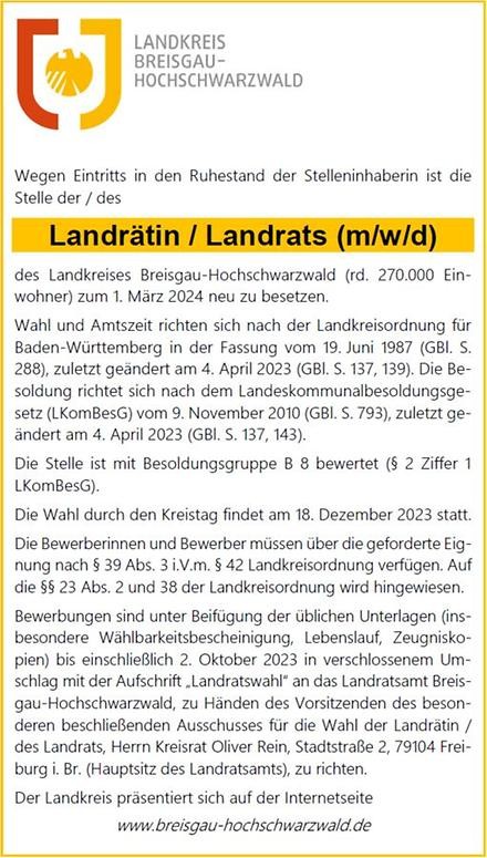 Am Freitag, den 1. September 2023, ist die Stellenausschreibung für eine neue Landrätin oder einen neuen Landrat für den Landkreis Breisgau-Hochschwarzwald veröffentlicht. Demnach können Bewerberinnen und Bewerber ihre Unterlagen vom 2. September bis einschließlich 2. Oktober 2023 beim Landratsamt einreichen.
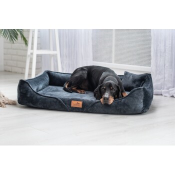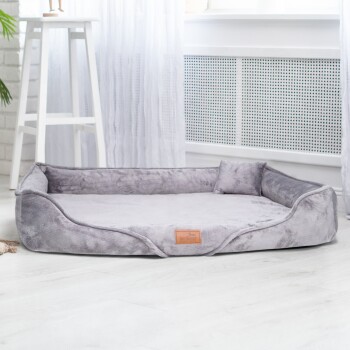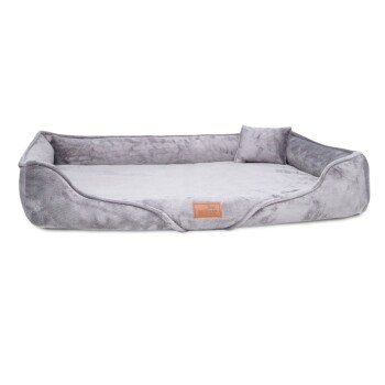 Tierlando ® Orthopädisches Hundebett TYSON | Kuschelig flauschiges XXL Hundesofa grau/ grau 1,3 m, 22 cm, 1 m
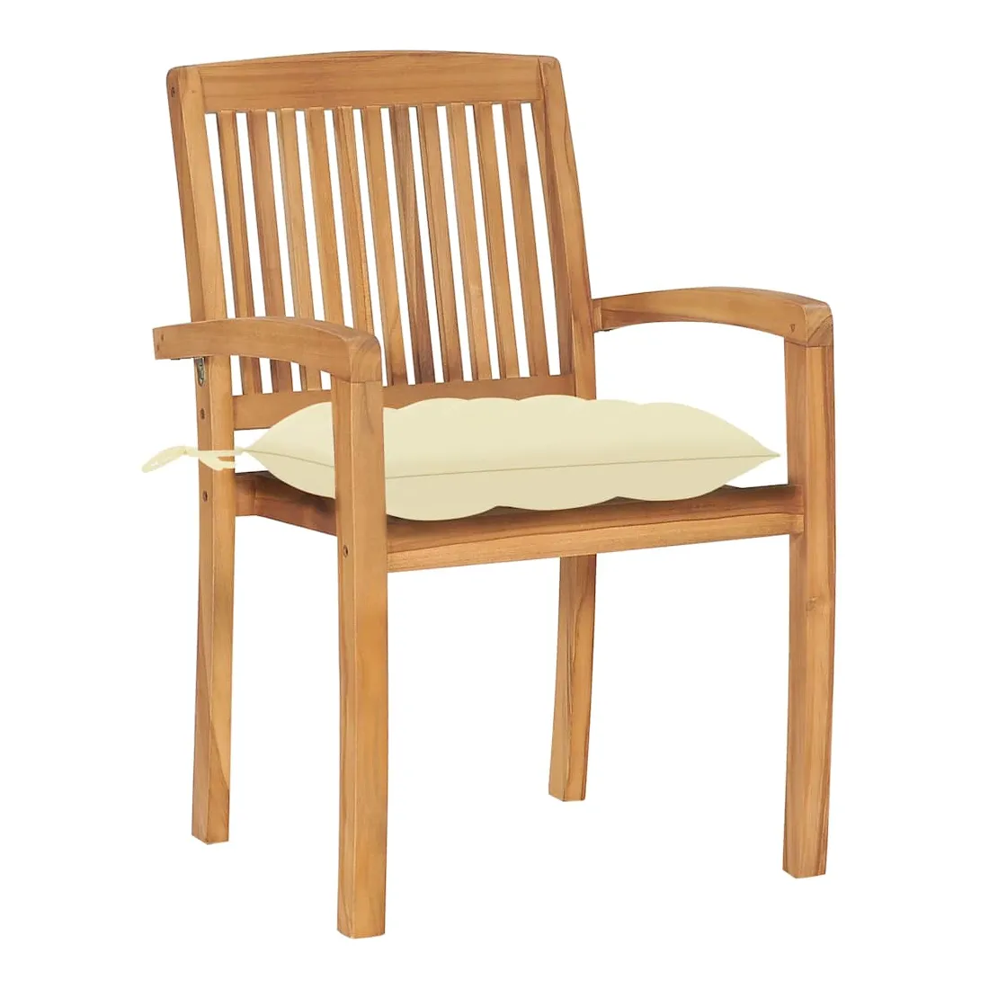 vidaXLAjoutez une touche de charme rustique à votre salle à manger, jardin ou terrasse avec cet ensemble de chaises de jardin empilables avec ensemble de coussins ! La chaise de salle à manger élève votre espace de vie intérieur ou extérieur à un niveau supérieur avec un design à lattes et élégant. Cet ensemble de meubles en teck est fabriqué à partir de bois dur de teck extrêmement durable et est chevronné, séché au four et poncé finement pour lui donner un aspect très lisse. Le bois de teck est connu pour sa solidité et sa résistance aux intempéries exceptionnelles, ce qui le rend bien plus adapté aux meubles de jardin que tout autre type de bois. Le bois de teck est le choix parfait si vous souhaitez acheter un meuble de jardin durable. Il est facile à entretenir et à nettoyer avec un chiffon humide. De plus, la chaise de salle à manger peut être empilée pour économiser de l'espace de stockage lorsqu'elle n'est pas utilisée. De plus, les coussins inclus offrent un confort supplémentaire. Chaque coussin a 2 jeux de cordes pour le fixer fermement sur la chaise. Remarque : afin de prolonger la durée de vie de vos meubles d'extérieur, nous vous recommandons de les nettoyer régulièrement et de ne pas les laisser à l'extérieur sans protection inutilement.Nettoyage : utiliser une solution savonneuse douceStockage : si possible, stockez dans un endroit frais et sec à l'intérieur. Si le produit est stocké à l'extérieur, protégez-le avec une housse imperméable. Essuyez et séchez l'excès d'eau ou de neige des surfaces planes après la pluie ou une chute de neige. Permettez une circulation d'air suffisante afin d'éviter les dommages liés à l'humidité.
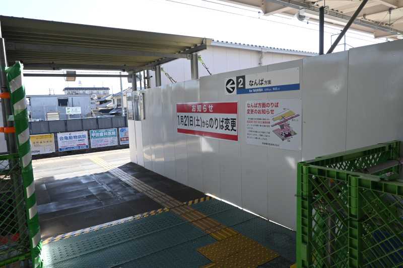 今回は諏訪ノ森駅仮線切替に伴い廃止される上り難波方面行のホーム特集です。
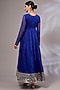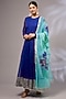Featuring a royal blue anarkali in organza base. It is paired with pants and a dupatta having hand paint and hand embroidery. Style it with statement earrings and block heels, perfect for festive occasions or weddings.
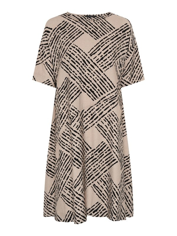 Be effortlessly stylish in our slub poly-viscose Dress. With its eye-catching trellis print, this dress is perfect for any occasion. Plus its cut in a relaxed fit for your comfort. Team with its matching Shacket V25-32A for perfect co-ordination.
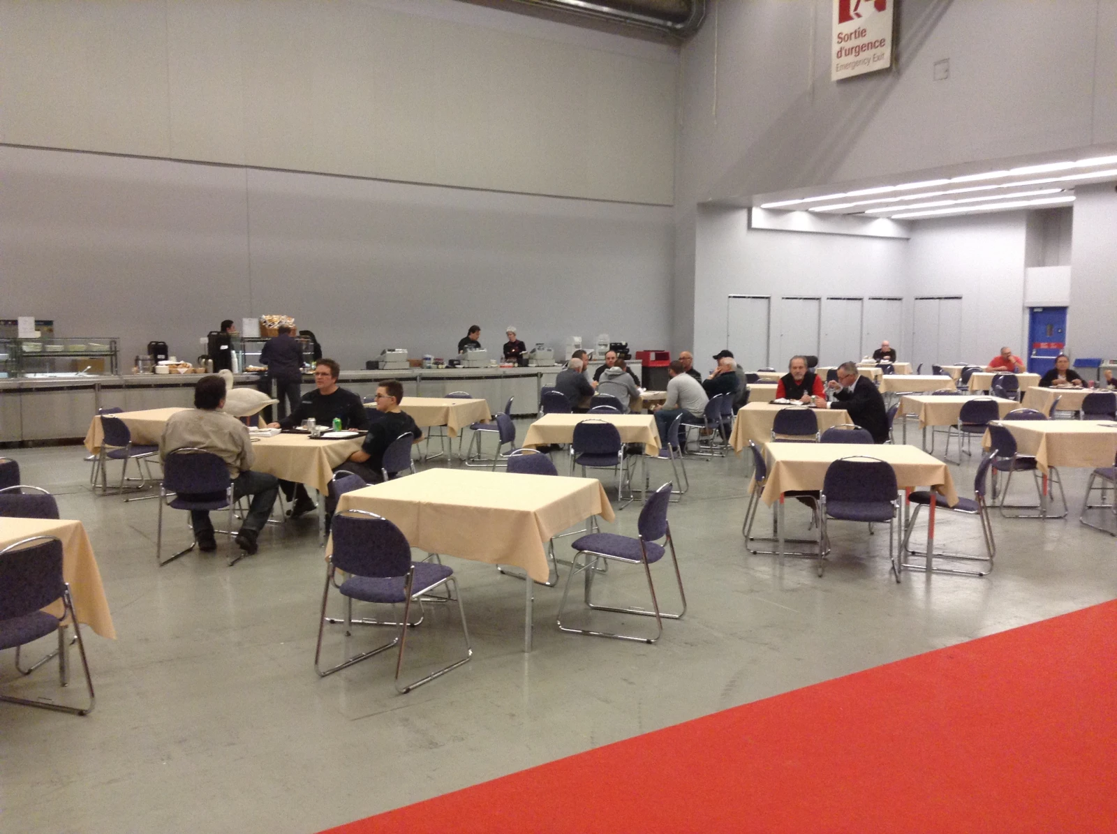 Vers 18h30, la cafétéria se remplit pas pire, malgré la pointe de pizza à 6,50$.
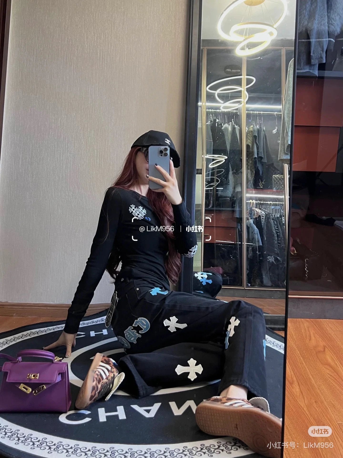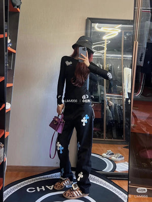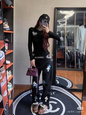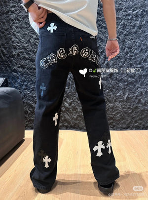 Chrome Hearts Jeans Chengdu City Exclusive Jeans Autumn and Winter New Men's and Women's Same Long Pants Loose Casual Wide Leg High Waist
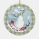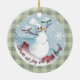 My 2011 Christmas holiday snowman chef rides a sled down hill with 2 platters of snowballs. Soft watercolor style with plaid background, a great ornament for a restaurant tree, or for your favorite chef, foodie, or snowman lover.
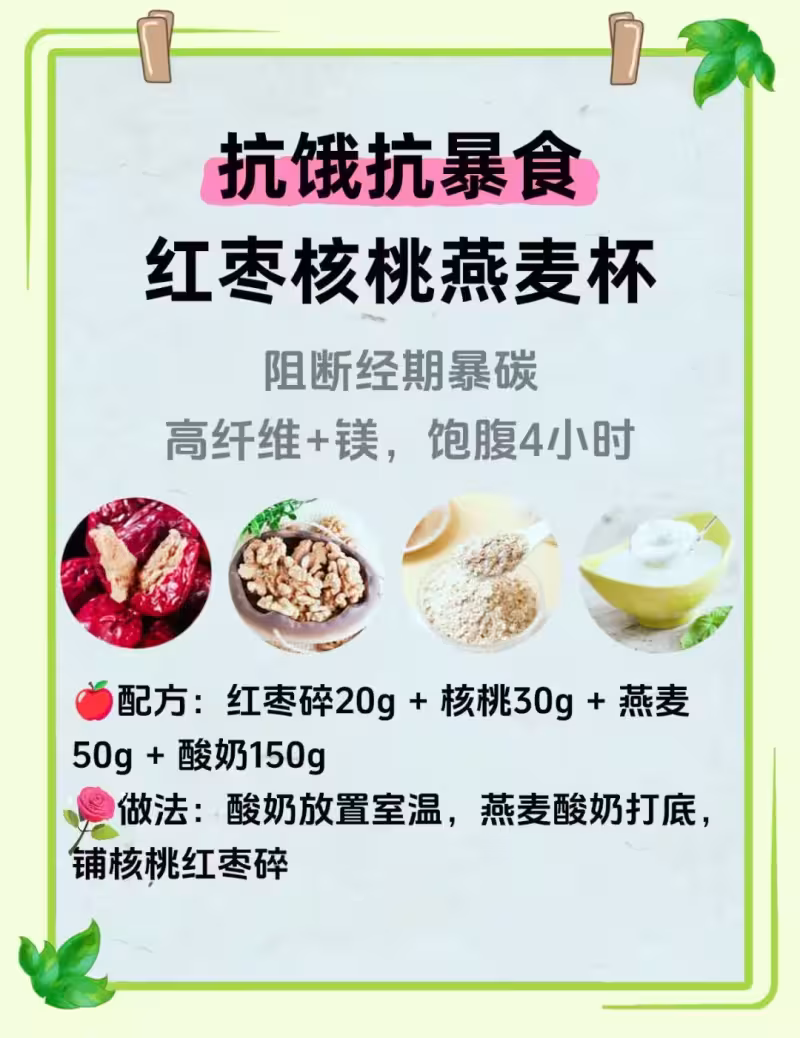 ✅ 做法:燕麥+溫牛奶沖泡5分鐘,撒上紅棗碎和核桃碎,攪拌均勻即可。
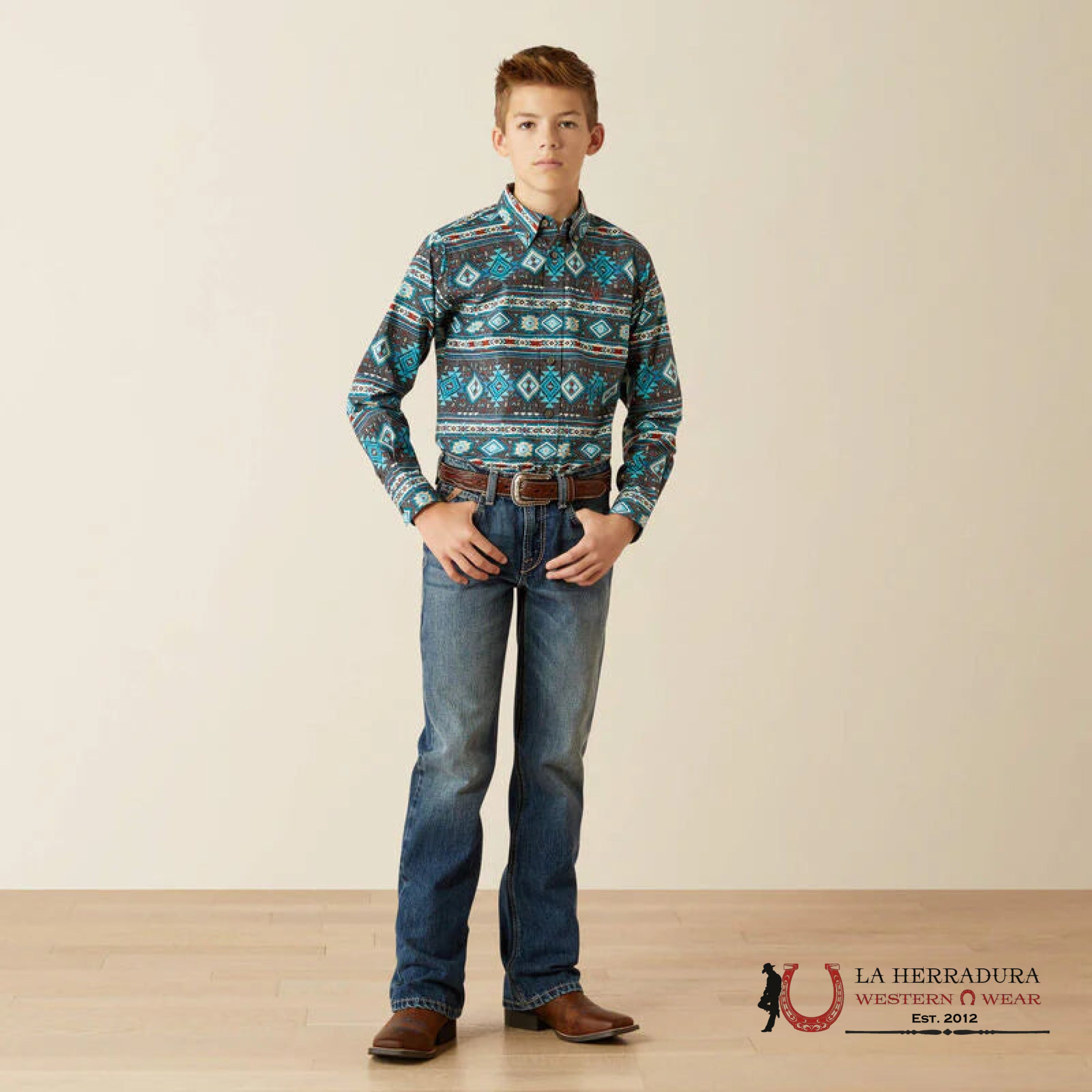 ARIAT PRESTCOT LONG SLEEVE SHIRT TEAL - 4072

### Task item
Return every entry word for word, leaving the pictures out.

### Reply to the exercise
 Am Freitag, den 1. September 2023, ist die Stellenausschreibung für eine neue Landrätin oder einen neuen Landrat für den Landkreis Breisgau-Hochschwarzwald veröffentlicht. Demnach können Bewerberinnen und Bewerber ihre Unterlagen vom 2. September bis einschließlich 2. Oktober 2023 beim Landratsamt einreichen.
 Tierlando ® Orthopädisches Hundebett TYSON | Kuschelig flauschiges XXL Hundesofa grau/ grau 1,3 m, 22 cm, 1 m
 vidaXLAjoutez une touche de charme rustique à votre salle à manger, jardin ou terrasse avec cet ensemble de chaises de jardin empilables avec ensemble de coussins ! La chaise de salle à manger élève votre espace de vie intérieur ou extérieur à un niveau supérieur avec un design à lattes et élégant. Cet ensemble de meubles en teck est fabriqué à partir de bois dur de teck extrêmement durable et est chevronné, séché au four et poncé finement pour lui donner un aspect très lisse. Le bois de teck est connu pour sa solidité et sa résistance aux intempéries exceptionnelles, ce qui le rend bien plus adapté aux meubles de jardin que tout autre type de bois. Le bois de teck est le choix parfait si vous souhaitez acheter un meuble de jardin durable. Il est facile à entretenir et à nettoyer avec un chiffon humide. De plus, la chaise de salle à manger peut être empilée pour économiser de l'espace de stockage lorsqu'elle n'est pas utilisée. De plus, les coussins inclus offrent un confort supplémentaire. Chaque coussin a 2 jeux de cordes pour le fixer fermement sur la chaise. Remarque : afin de prolonger la durée de vie de vos meubles d'extérieur, nous vous recommandons de les nettoyer régulièrement et de ne pas les laisser à l'extérieur sans protection inutilement.Nettoyage : utiliser une solution savonneuse douceStockage : si possible, stockez dans un endroit frais et sec à l'intérieur. Si le produit est stocké à l'extérieur, protégez-le avec une housse imperméable. Essuyez et séchez l'excès d'eau ou de neige des surfaces planes après la pluie ou une chute de neige. Permettez une circulation d'air suffisante afin d'éviter les dommages liés à l'humidité.
 今回は諏訪ノ森駅仮線切替に伴い廃止される上り難波方面行のホーム特集です。
Featuring a royal blue anarkali in organza base. It is paired with pants and a dupatta having hand paint and hand embroidery. Style it with statement earrings and block heels, perfect for festive occasions or weddings.
 Be effortlessly stylish in our slub poly-viscose Dress. With its eye-catching trellis print, this dress is perfect for any occasion. Plus its cut in a relaxed fit for your comfort. Team with its matching Shacket V25-32A for perfect co-ordination.
 Vers 18h30, la cafétéria se remplit pas pire, malgré la pointe de pizza à 6,50$.
 Chrome Hearts Jeans Chengdu City Exclusive Jeans Autumn and Winter New Men's and Women's Same Long Pants Loose Casual Wide Leg High Waist
 My 2011 Christmas holiday snowman chef rides a sled down hill with 2 platters of snowballs. Soft watercolor style with plaid background, a great ornament for a restaurant tree, or for your favorite chef, foodie, or snowman lover.
 ✅ 做法:燕麥+溫牛奶沖泡5分鐘,撒上紅棗碎和核桃碎,攪拌均勻即可。
 ARIAT PRESTCOT LONG SLEEVE SHIRT TEAL - 4072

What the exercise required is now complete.